NH036-03
Hail Storm Risk Assessment Using Space-Borne Remote Sensing Observations and Reanalyses

Tuesday, 15 December 2020: 20:45
Virtual
Kristopher M Bedka1, Daniel Cecil2, Sarah D Bang3, Christopher J Schultz4, Jordan R Bell2, Heinz-Jurgen Punge5, Geoffrey Saville6, Konstantin V Khlopenkov7, Kyle Frederick Itterly8, Benjamin R Scarino9, John William Cooney10, Douglas Spangenberg8, Timothy Larson11, Paola Veronica Salio12 and Luciano Vidal13, (1)NASA Langley Research Center, Hampton, VA, United States, (2)NASA Marshall Space Flight Center, Huntsville, AL, United States, (3)University of Utah, Salt Lake City, UT, United States, (4)NASA Marshall Space Flght Ctr, Huntsville, AL, United States, (5)Karlsruhe Institute of Technology, Karlsruhe, Germany, (6)Willis Towers Watson, London, United Kingdom, (7)Sci Systems & Applications Inc, Hampton, VA, United States, (8)Science Systems and Applications, Inc. Hampton, Hampton, VA, United States, (9)Science Systems and Applications, Inc., Hampton, VA, United States, (10)NPP/USRA Post-Doc at NASA Langley Research Center, Hampton, VA, United States, (11)Science Systems and Applications, Inc. Hampton, Hampton, United States, (12)University of Buenos Aires, Atmospheric and Oceanic Sciences, Buenos Aires, Argentina, (13)Servicio Meteorológico Nacional, Buenos Aires, Argentina
Abstract:
Hail is the costliest severe weather hazard for the insurance industry, generating ~70% of severe convective storm losses due to damage to assets such as homes, businesses, agriculture, and infrastructure. Most insurance companies do not reserve enough capital to cover catastrophes, so they acquire reinsurance. The reinsurance industry uses catastrophe models (CatModels) to statistically estimate risk to an insurer’s portfolio. Hail CatModels are developed with climatologies that define hailstorm frequency and severity. Hail-prone areas can be defined using hail reports from trained spotters, the media, and the general public. Hail climatologies are difficult to derive because hail covers small areas and there are neither hail reporting mechanisms (e.g. website or mobile app) nor radar networks in most places outside the US and Europe.
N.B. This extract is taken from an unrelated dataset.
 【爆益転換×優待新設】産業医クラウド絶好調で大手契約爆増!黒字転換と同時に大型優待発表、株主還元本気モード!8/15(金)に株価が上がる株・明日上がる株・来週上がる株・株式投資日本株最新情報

Hail is generated within storms by strong updrafts that exhibit unique signatures in NASA and other agency satellite observations. Geostationary (GEO) visible and infrared imagery has been collected for ~15-25 years across the world and GEO-based methods have been developed at NASA Langley (LaRC) to detect hailstorm updrafts. Hail can also be inferred with passive microwave imagery collected by low-Earth-orbiting sensors such as the GPM GMI and TRMM TMI over the last 20+ years using methods developed at NASA Marshall (MSFC).

This presentation will describe a framework for developing hail climatologies and CatModels based on NASA satellite data and capabilities. This is a collaboration between LaRC and MSFC, WTW, and partners in Brazil, Argentina, and South Africa. South America and South Africa are developing insurance markets of interest to WTW clients, similar to other regions routinely impacted by hail that do not have comprehensive hail reporting. GEO metrics of storm intensity, environmental conditions based on reanalyses, spotter hail reports and radar MESH observations are intercompared to quantify the detectability of hailstorms. We are also maturing methods using land surface imaging satellite data (e.g. Landsat, Sentinel 1/2) to identify hail damage to agriculture. Project datasets will be made available via online GIS-enabled tools developed at the LaRC Atmospheric Science Data Center (ASDC).